Injuries: Compared to 1915, 1916 was mostly injury free other than losing Caldwell's season early on until the wheels suddenly came off near the end of August. Baumann was hurt, which meant Cree now was pressed into being a starter. Then, Baker was hurt, which meant Boone had to play 3rd base every day. Then, Heilmann was hurt, so Miller got a starting job again in right field. Then Miller got hurt and Cree moved to the outfield. At that point, Allie Watt was the starting 2nd baseman at 16 years old. Watt's first start, though, was at 3rd base when Peckinpaugh was too tired to play and Boone, our only other shortstop, moved over and we had nobody who could play 3rd base. So Watt's first career major league start, at 16 years old, was at a position he had never played before.
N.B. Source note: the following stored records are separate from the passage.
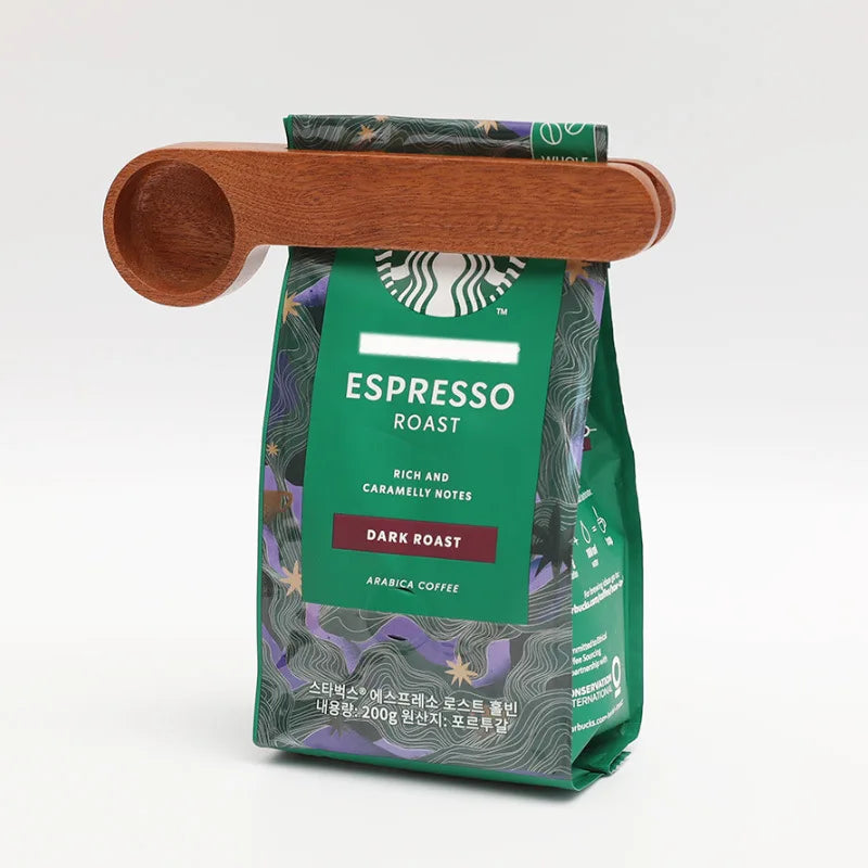 Dual-Use Wooden Measuring Spoon and Sealing Clip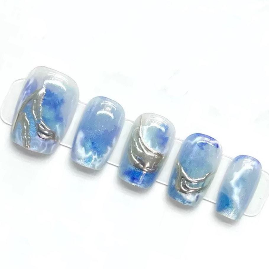 Ocean Swirl Blue Marble Press-On Nails with Silver Wave Accents. Artificial reusable fake glue on faux manicure nails trendy art.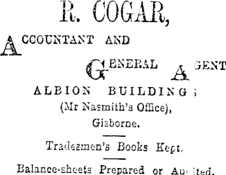 R, COGAB, CCOUNTANT AND QE.NEEAL A ALBION BUILDING (Mr Nasmith’s Office), Gisborne. IE NT Tradesmen’s Books Kept. Balance-sheets Prepared or Au ted.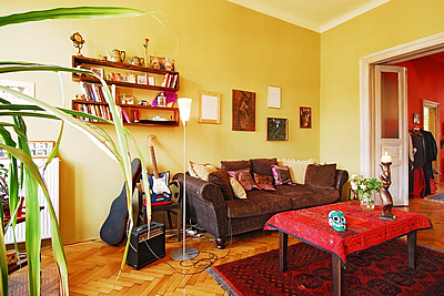 A lakás szinte minden falán van legalább egy festmény – Somának több képzőművész barátja van, a nappali falán több kép is van, amit ők készítettek.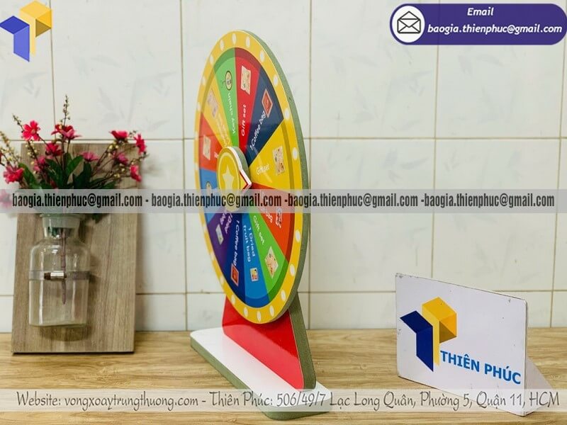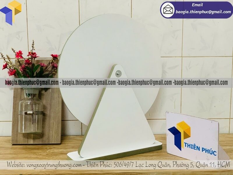 Vòng xoay số bằng gỗ để bàn quay trúng quà khuyến mãi - Xưởng sản xuất và Công Ty Thiên Phúc là xưởng chuyên cung cấp và gia công nhiều mẫu vòng xoay để bàn làm bằng gỗ có sẵn tại xưởng với đường kính phổ biến tại xưởng 30cm, 40cm. Thiết kế logo các ô quà tặng, nhãn hàng, thương hiệu miễn phí; theo yêu cầu khách hàng. Báo giá rẻ nhất - cạnh tranh nhất trên thị trường dao động chỉ từ 400.000đ/cái đến 600.000đ/cái trở lên cho mẫu cơ bản nhất. Hãy liên hệ ngay xưởng sản xuất Thiên Phúc để nhận được báo giá chi tiết nhất và nhanh chóng. Hỗ trợ xuất hóa đơn VAT cho doanh nghiệp, công ty.
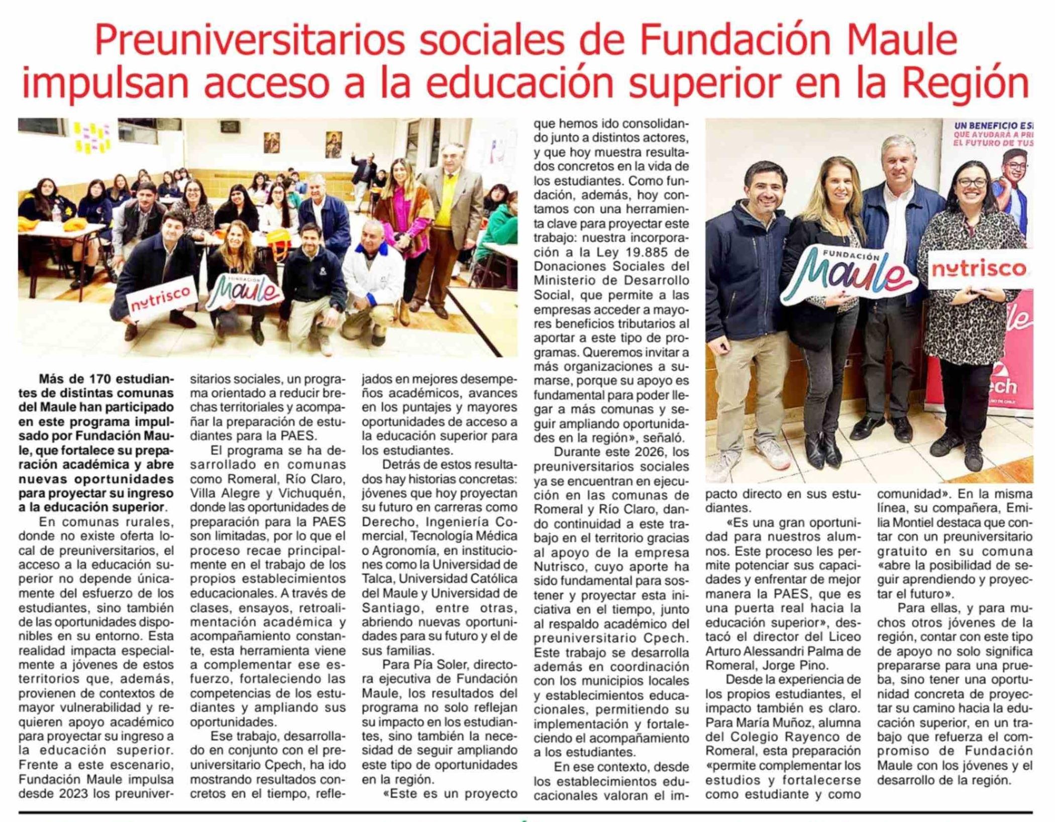 | Título: | Preuniversitarios sociales de Fundación Maule impulsan acceso a la educación superior en la Región |

Amazingly, this was after the team had started to turn things around in terms of winning.
Meta Issues: As I've mentioned here before, the butterflies have already started to flap. In real life, every AL pennant of the 1910s went to the A's (1910-11, 1913-1914), the Red Sox (1912, 1915-1916, 1918), or the White Sox (1917, 1919). The White Sox seem to have shown up early in this simulation, perhaps in part because the A's didn't fully tear down--the 1916 A's were one of the worst teams in real-life history, but they finished with 90 wins in 3rd place in Alt-1916. With some of the players that fueled Boston in 1915-1916 still with Philadelphia, the White Sox' window opened early (maybe?) and the Red Sox' late-decade window may not open at all. There's no particular reason to think that that's going to change, and some of the pitchers who I would have liked to have on my staff went elsewhere because I didn't understand the draft or the way that player development was going to work (maybe I still don't). We've got excellent pieces for a great team (especially as we get toward 1920) but I can't imagine we're going to get Babe Ruth.
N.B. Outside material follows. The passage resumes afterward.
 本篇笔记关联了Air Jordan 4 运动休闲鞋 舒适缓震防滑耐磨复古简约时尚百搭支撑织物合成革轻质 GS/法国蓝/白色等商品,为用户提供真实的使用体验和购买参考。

Plans for 1917: I should probably delay details until I've looked at the stats. I've signed Cannonball Dick Redding as a free agent, we'll see if he can help. Vance will help. But I missed out on Shocker, Hoyt, and Pennock in last year's draft. On the other hand, it turns out I had Bill Terry in my reserves as a pitcher. I'm going to see if he can play second base, otherwise he'll be heir apparent to Pipp in the early 20s or maybe I'll have an outfield of Heilmann, Charleston, and Terry...
*The reason it's only "basically" is because during a particularly frustrating game in a particularly frustrating stretch I simmed out the last 3 innings of a game rather than play through it. My headcanon is that I got myself ejected.